The Question-Begging Argument for Software Patents

I’m reading some of the amicus briefs in the Bilski case, and I’m struck by how vacuous they are. Consider this passage of Yahoo’s brief, purporting to give an example of the kind of technology patents ought to cover:

A concrete example illustrates this conceptual failing. Much of the popular music to which consumers listen today is heard in “MP3” format. MP3 is a standard for compressing digital audio files—a compression algorithm based on characteristics of human hearing that removes approximately 90% of the data from digital music files without substantially affecting humans’ perception of the reproduced sound. The MP3 algorithm can be thought of as a complex mathematical formula with a specific application. But it does not result in any “physical” transformation—only the digital data are altered. Nor is it “tied” to any “particular” machine—indeed, while a “particular” machine could certainly be built to run the algorithm, one of its chief benefits is that it may be run on any “general purpose” computer. The process may, in other words, be instantiated in either software or hardware. Few would doubt that this is the kind of technological advance meriting patent protection and, in fact, the PTO issued a patent for MP3 technology. See U.S. Patent No. 5,579,430 (filed Jan. 26, 1995 with a priority date of
Apr. 17, 1989). But this innovation would not appear to be patentable under a strict interpretation of the machine-or-transformation test.

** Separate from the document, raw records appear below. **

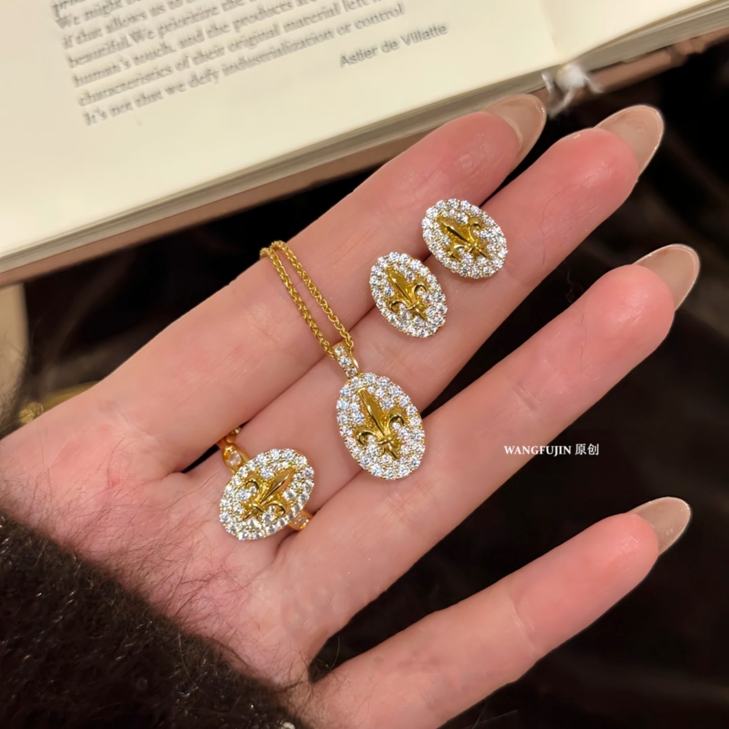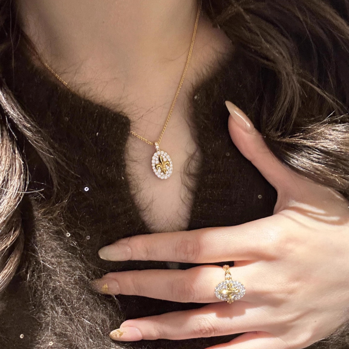 法式满天星鸢尾花项链 女中古18K金复古椭圆牌纯银满钻高级感礼物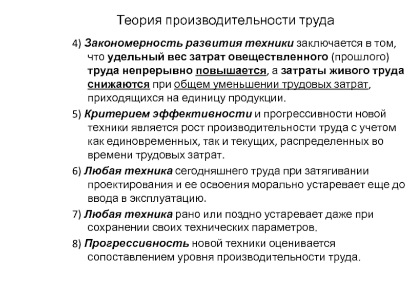 Вывод – производительность труда при данном уровне техники имеет свои пределы; чтобы выйти за них, необходимо непрерывно совершенствовать технологию и технику.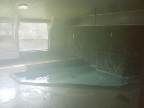 この写真では見難いが奥に見える窓の下に源泉のお湯を溜めた浴槽がある。ただし掛け流しではなく取水口があるので循環濾過なのかもしれない。
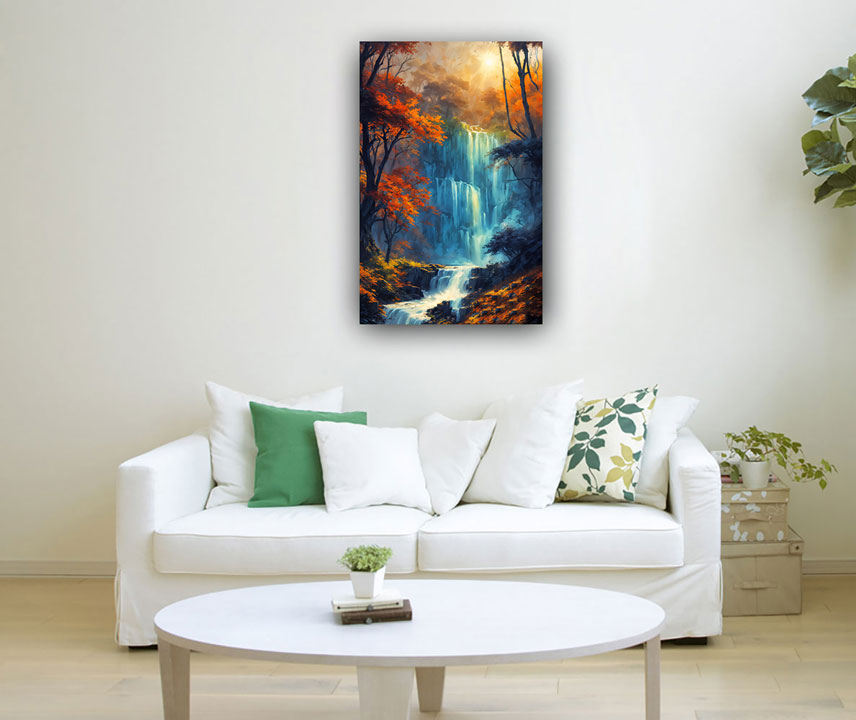 In Vastu Shastra, an ancient Indian architectural philosophy, waterfalls symbolize abundance, prosperity, and the flow of positive energy. Placing a waterfall painting in the north or northeast direction of a home or office is believed to attract wealth and financial success. The flowing water in the painting represents the constant flow of opportunities and resources into one's life.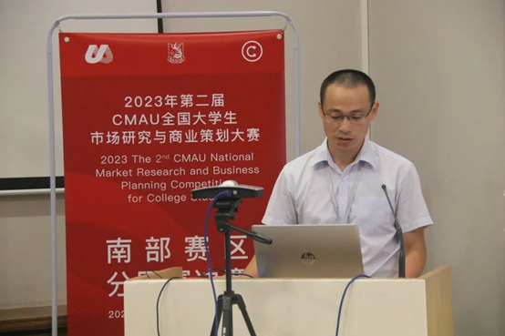 闭幕式最后,由景奉杰教授作总结讲话并宣布闭幕,他对本次南部赛区的决赛工作顺利开展并取得圆满成功表示祝贺,对所有获奖的同学与指导老师表示祝贺,希望晋级全国总决赛的团队能够调整好状态去迎接更加严峻的挑战,并预祝取得好成绩。至此,第二届CMAU全国大学生市策大赛南部赛区决赛圆满落幕。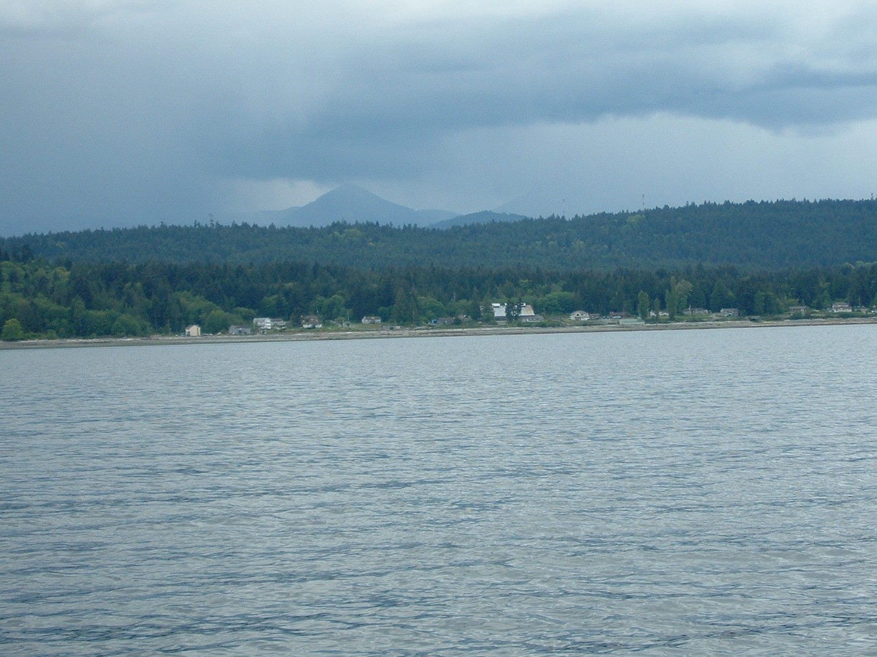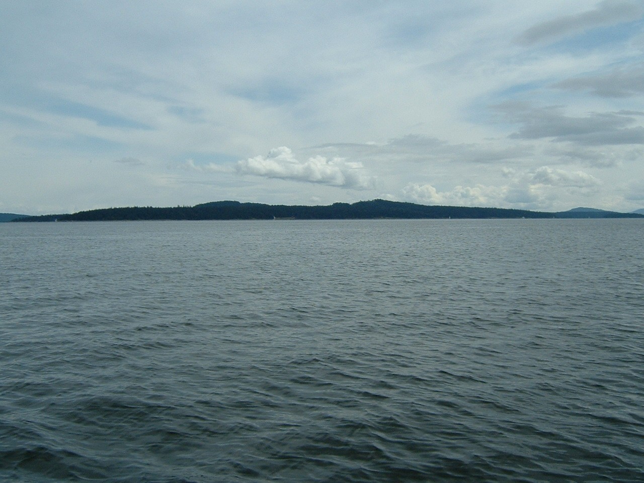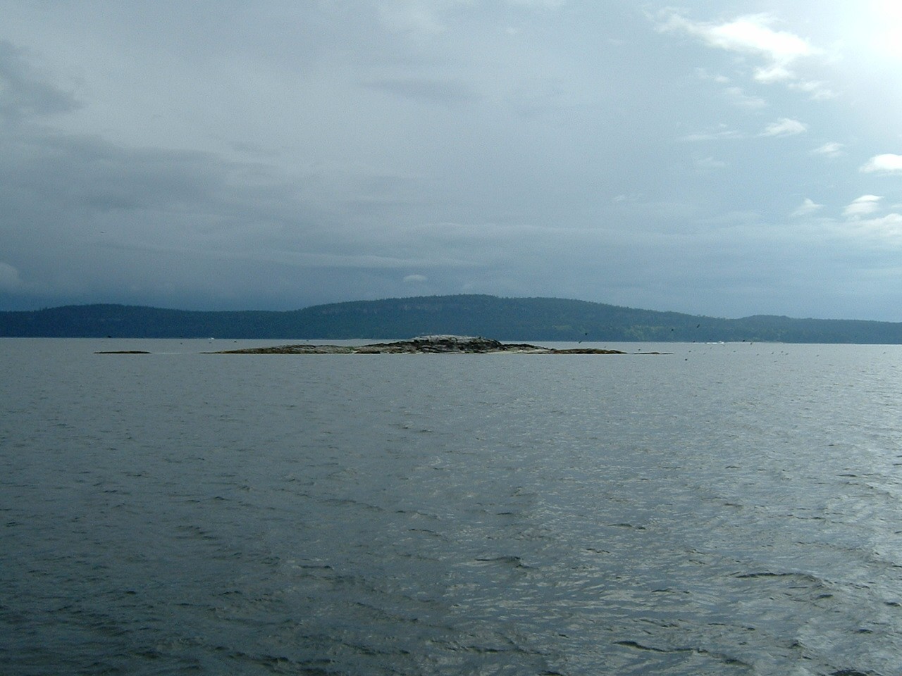 Mexicana Hill on Valdez Island, viewed over Miami Islet. Again, the chart shows the peak of the hill as a dot, but in real life, Mexicana is just a low broad mound. A look at the contour lines on the chart should lead us to suspect this.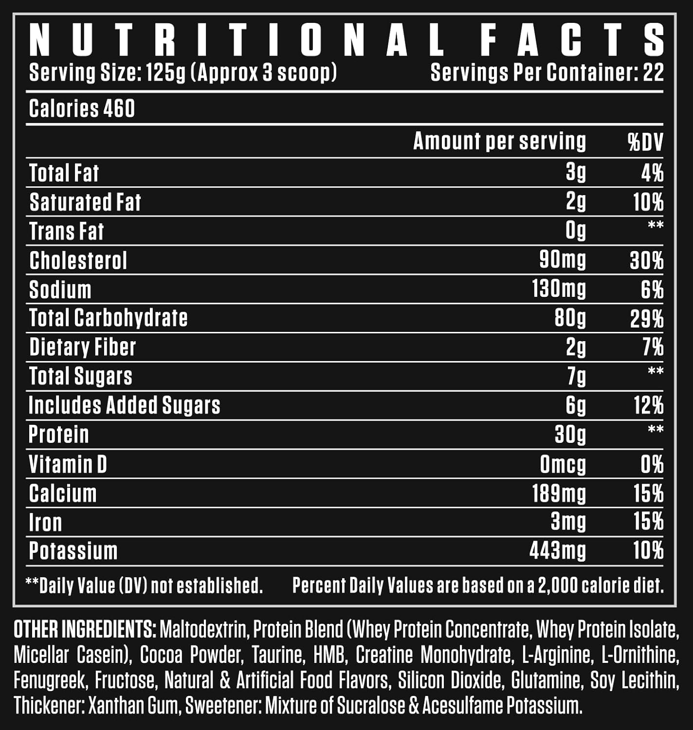 - Each serving of Anabolic Mass Gainer provides 60g of protein, 8g of fat, and 115g of carbohydrates, making it a high-calorie option for those looking to support their weight gain goals.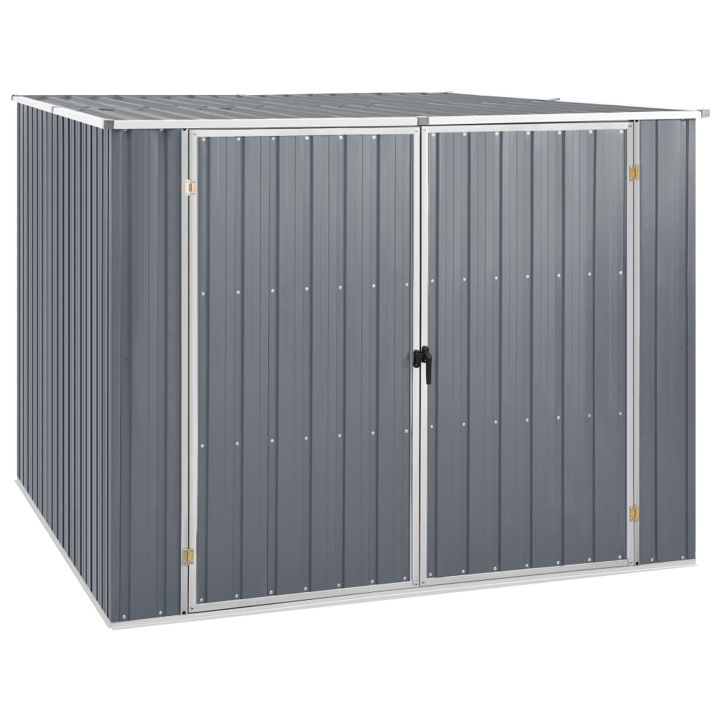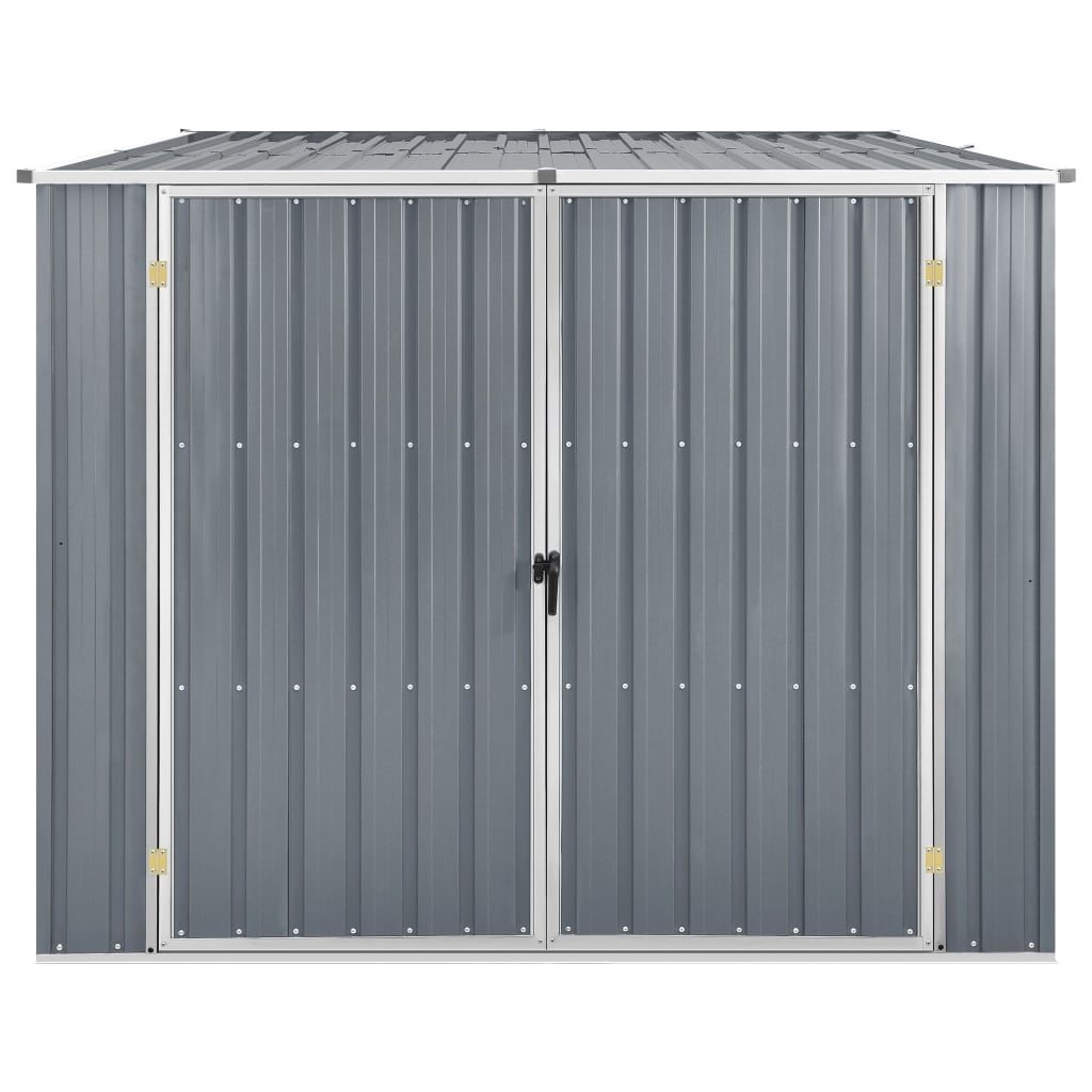 Dette utendørs oppbevaringsskuret i galvanisert stål krever lite vedlikehold og er veldig slitesterkt. De doble dørene foran gjør det enkelt å gå inn og ut. I tillegg dreneres regnvannet automatisk fra taket, takket være det skrånende designet.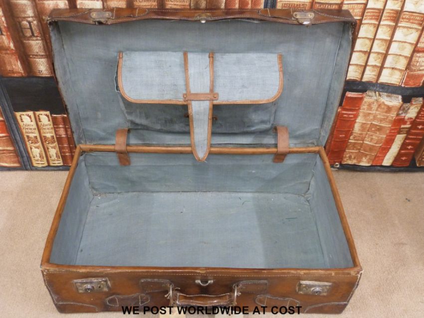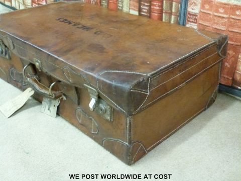 A vintage brown leather suitcase with tickets and shipping labels.

Now there are a number of interesting things one could say about MP3 patents. We could mention, for example, that open standards like this are particular vulnerable to patent holdup problems, where parties encourage the use of technologies in which they happen to have pending patents. We could mention that the proliferation of codec patents has hampered the development of open source media software. We could discuss whether the people who acquired these patents were the key figures in developing the MP3 format.

But the Yahoo! brief does nothing of the sort. Indeed, this paragraph is all that’s said about MP3 patents. Yahoo’s lawyers apparently find it so obvious that this is something that should be patent-eligible that no further comment is needed. As a member of the (apparently small) class of people who don’t regard patent 5,579,430 as obviously desirable, this is a little galling.

I’m hoping I’ll come across meatier arguments as I read more briefs. But in my experience, substantive defenses of software patents are few and far between. Rather, you tend to get a lot of hand-waving and question-begging. Most writing about patent law is by and for patent lawyers, who tend to think the world would be a better place if patent lawyers had their fingers in a larger share of the economy. So most defenses of software patents tend to start from the premise that patents always (or almost always) promote innovation, and doesn’t bother to delve too deeply into the specifics of how software patents might promote or discourage innovation.